Records excerpted from a collection
* * *
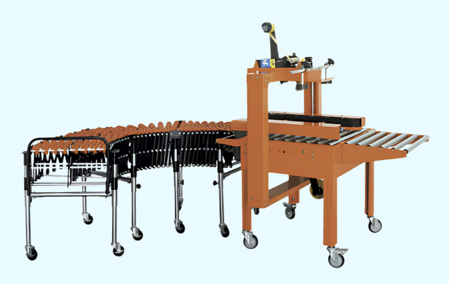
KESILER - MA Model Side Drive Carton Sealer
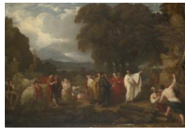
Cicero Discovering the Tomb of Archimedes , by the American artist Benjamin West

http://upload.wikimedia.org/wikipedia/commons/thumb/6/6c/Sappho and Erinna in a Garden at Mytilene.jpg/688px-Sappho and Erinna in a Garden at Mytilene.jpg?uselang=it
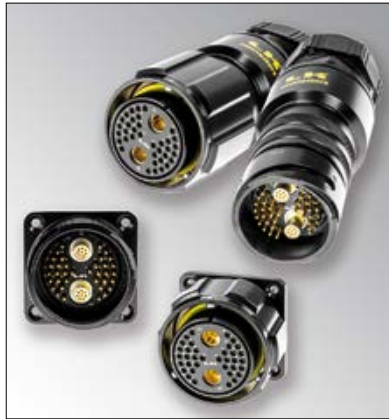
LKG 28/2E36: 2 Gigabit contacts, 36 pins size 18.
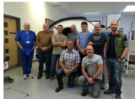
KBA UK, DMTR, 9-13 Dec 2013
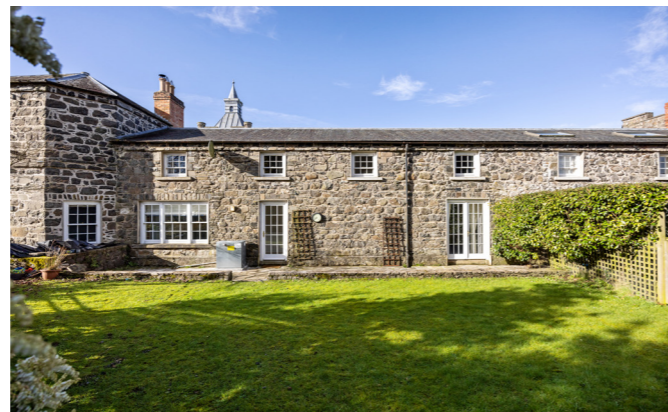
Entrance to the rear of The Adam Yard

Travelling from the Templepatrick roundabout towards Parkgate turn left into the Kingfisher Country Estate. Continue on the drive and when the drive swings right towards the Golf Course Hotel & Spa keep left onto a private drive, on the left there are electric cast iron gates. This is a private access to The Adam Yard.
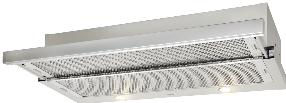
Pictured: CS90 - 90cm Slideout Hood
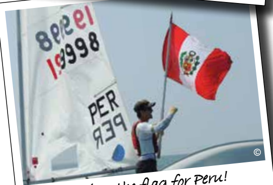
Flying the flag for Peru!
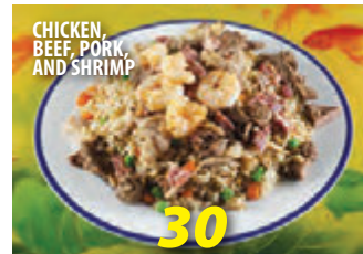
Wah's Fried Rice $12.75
* * *
**EXERCISE DIRECTIONS**
Word for word, write out each line from the one with "Travelling from the" through the end of the entries above, and omit any pictures.

**WRITTEN ANSWER**
Travelling from the Templepatrick roundabout towards Parkgate turn left into the Kingfisher Country Estate. Continue on the drive and when the drive swings right towards the Golf Course Hotel & Spa keep left onto a private drive, on the left there are electric cast iron gates. This is a private access to The Adam Yard.
Pictured: CS90 - 90cm Slideout Hood
Flying the flag for Peru!
Wah's Fried Rice $12.75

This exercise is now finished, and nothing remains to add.